Okay, sure. But we are talking about the Inferno here — Calvino’s Inferno, and also our own (which is real, and literally aflame). And while the Inferno is certainly a metaphor (for punishment, for suffering, for sin), it is also a place. The point with which Calvino ends his book and we begin this essay is that that place is here: where you are, where I am, right now! That our ability to resist the Inferno relies upon recognition of this simple fact.
If that’s the case, this postmodern maneuver seems to me a step in the wrong direction: that sublimating any talk of concrete places into metaphors and discourses carries us further from the world of material things and beings that sustains us. After all, dematerializing our living environment has long been a method of abandoning our responsibility to that environment and the people in it.

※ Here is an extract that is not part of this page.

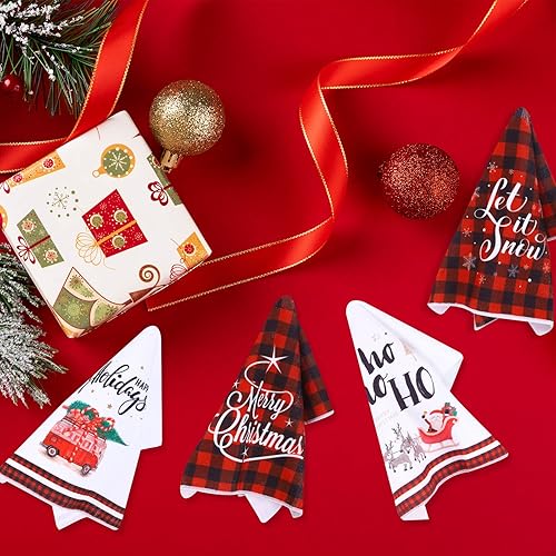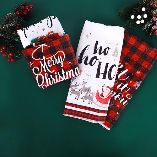 Hileyu Torchons de Noël 4 pièces,40x70cm torchons Microfibres,Serviettes de Cuisine Super absorbantes,Torchons et Serviettes de Bar à Carreaux Joyeux Noël,Torchon Cuisine
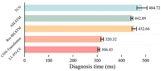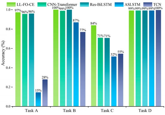 For Task D, the accuracy of LL-FO-CE, CNN-Transformer, Res-BiLSTM, ASLSTM, and TCN are 98.5%, 98%, 97.1%, 94.3%, and 92.9%, respectively. The precision scores are 98.6%, 98.1%, 98%, 92.1%, and 92.3%, respectively. The recall scores are 98.5%, 98%, 97.1%, 90.8%, and 92.4%. The F1 scores are 98.5%, 98.1%, 97.6%, 90.8%, and 92.2%, respectively. All models demonstrate improved performance on this task because Task D is the final task to be learned. However, the presence of disturbances in the fault sample waveforms results in a certain degree of degradation in the diagnosis performance of the other models. LL-FO-CE enhances the backpropagation optimization process through fractional order derivatives, which are highly robust, thereby maintaining superior diagnosis performance compared to other SOTA models when applied to actual fault waveforms with disturbances.

This critique could just as well apply to the politics of attention in general: that it can be indulgent and deluded and solipsistic and escapist. That it permits us, in its crudest manifestation, to focus on perceiving without ever actually doing anything. That it mistakes a shift in our experience for a shift in material conditions.

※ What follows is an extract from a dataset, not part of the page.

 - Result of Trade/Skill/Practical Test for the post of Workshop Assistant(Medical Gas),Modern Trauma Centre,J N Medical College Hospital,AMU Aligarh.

But this would, I think, be giving too little credit to its possibilities.
So let us be generous. Because the first step (and only the first!) of Calvino’s program is: seek and learn to recognize. Discern. And literature — particularly forms of literature considered outdated, like myth and epic and folklore3 — can indeed be instructive in this respect. It can give us tools to see, and to more precisely attend to those obscured faces of our surroundings which require our care and attention.
[Onward! Read Selling Sky (2/4) here…]
The translation of this cognate is a little clunky; in English, it’s not clear whether this should be taken to mean “misgiving” or “awe” or “understanding.” I suspect that the word in Italian more smoothly encompasses all three. Maybe LN or MH can clear this up for me.
See James Scott’s Seeing Like a State.
See Matthew Spellberg’s Myth Lessons for an awesome essay on the role of mythic and epic literature in contemporary prison education.